I have a relatively big (10^7 rows and growing) table and I want to query some rows from it.
Since table is this big – I want to use every perfomance boost that I can.

My query has optional parameter (let's call it agent_id) – it may be NULL or may have some numeric value.
The column agent_id in table is NOT NULL.

I have thought of two ways to create such a query, here are simplified examples:

Query 1:

select c.agent_id,
    c.date_time
from calls c
where 1 = 1
    and c.agent_id = nvl(agent_id$i, c.agent_id)

Query 2:

select c.agent_id,
    c.date_time
from calls c
where 1 = 1
    and (
        user_id$i is null
        or
        c.agent_id = user_id$i
    )

Is there any perfomance advantage for either one?

I guessed that second one will be slightly faster, because it can evaluate only half of expression, excluding the need to evaluate other half – but it's only a guess, and I want to hear what experts have to say about this issue.

Best Answer

You should not use user_id$i is null or c.agent_id = user_id$i. The optimizer is not able to handle the 2 branches separately and you will end up with a full table scan. Here is a simple blog post about it: link

The NVL version (c.agent_id = nvl(agent_id$i, c.agent_id)) is slightly better. There is a feature called NVL optimization, where the optimizer creates 2 branches from an NVL predicate and performs an UNION ALL on them. This is also demonstrated in the above blog post. This works on very simple queries like the one you posted above, but if you have more parameters like this, it will not work and you will end up with full table scan again.

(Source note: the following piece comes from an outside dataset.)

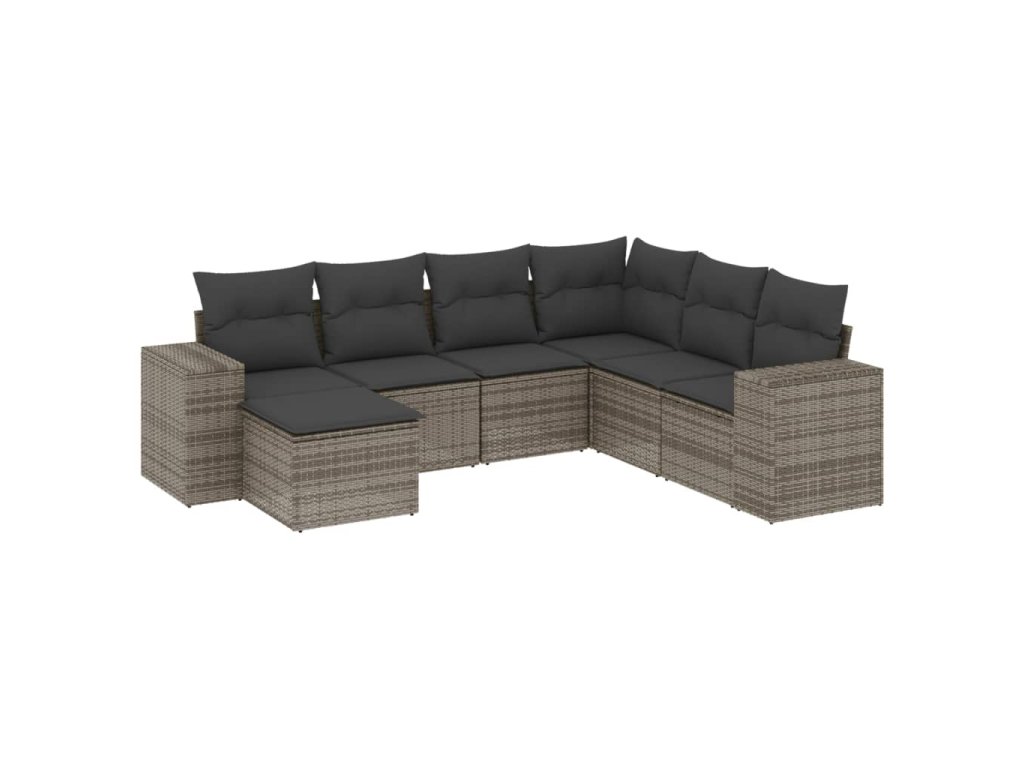 7dílná zahradní sedací souprava s poduškami šedá polyratan 3222899

You can also rewrite your query to use UNION ALL as already suggested in the comment.

To be honest, I do not recommend any of the above.

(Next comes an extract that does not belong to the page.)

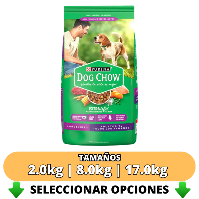 Dog Chow ahora vienen con Extralife, una mezcla especial con antioxidantes, vitaminas y minerales que ayuda a maximizar la calidad de vida de tu perro día tras día. Alimento completo para perros adultos de edad avanzada (mayores de 7 años) de todos las razas.
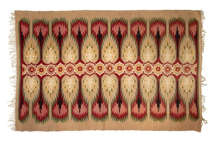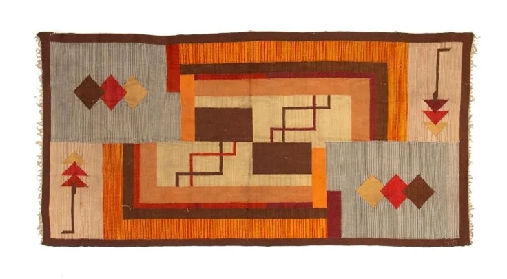 Rhythmical and geometrical patterns were one of the most popular motifs in the interwar period, which reveals art déco's fondness of symmetry. One may also notice that the symmetrical folk patterns and saturated, harmonized colors drew inspiration from the rich tradition of folk art. Striving for making craft equally appreciated as painting or sculpture, the artists made fabrics into works of art, representing Poland e.g. at the International Exhibition of Modern Decorative and Industrial Arts in Paris in 1925. The style of contemporary kilims perfectly reflected the character of Polish art déco, which distinguished itself against the background of other European fabrics, "We are not fully aware that Poland excels in the production of artistic kilims. In 1925, at the International Exhibition of Modern Decorative and Industrial Arts in Paris, Polish kilims competed for primacy with the Swedish kilims by "Föreningen Handarbetets Vänner", which is a huge progress. It makes us believe in the glorious future of the Polish kilims in the international arena." (Naprzód, No. 56, 9.03.1929)

I have seen this countless times, where for example there was a form with multiple search fields, and clicking on search eecuted a query with lots of columnX = nvl(paramX, columnX) predicates. That will perform poorly, because the above small optimization does not work on complex queries with a lot of parameters.

The same goes for UNION and predicate pushing. If you have a predicate outside of the UNION that could be pushed down to the branches, the database can do that. It works with simple queries, but if you a complex query with multiple UNION, that may or may not happen.

Such queries cause a lot of performance problems. Developers think it results in simpler code and it is elegant to handle separate cases with a single SQL. The database is not good at that. It can not optimize complex queries for multiple outliers based on multiple parameters. If you want performance, you have to work for it. You should change the SQL based on the parameter. With your example, if a value is specified for the parameter use this:

select c.agent_id,
    c.date_time
from calls c
where 1 = 1
    and c.agent_id = agent_id$i;

If there is no value specified for the parameter use this:

select c.agent_id,
    c.date_time
from calls c
where 1 = 1;

With such a simple query it does not make sense, but as your query gets more complex with more predicates, that is the way to go.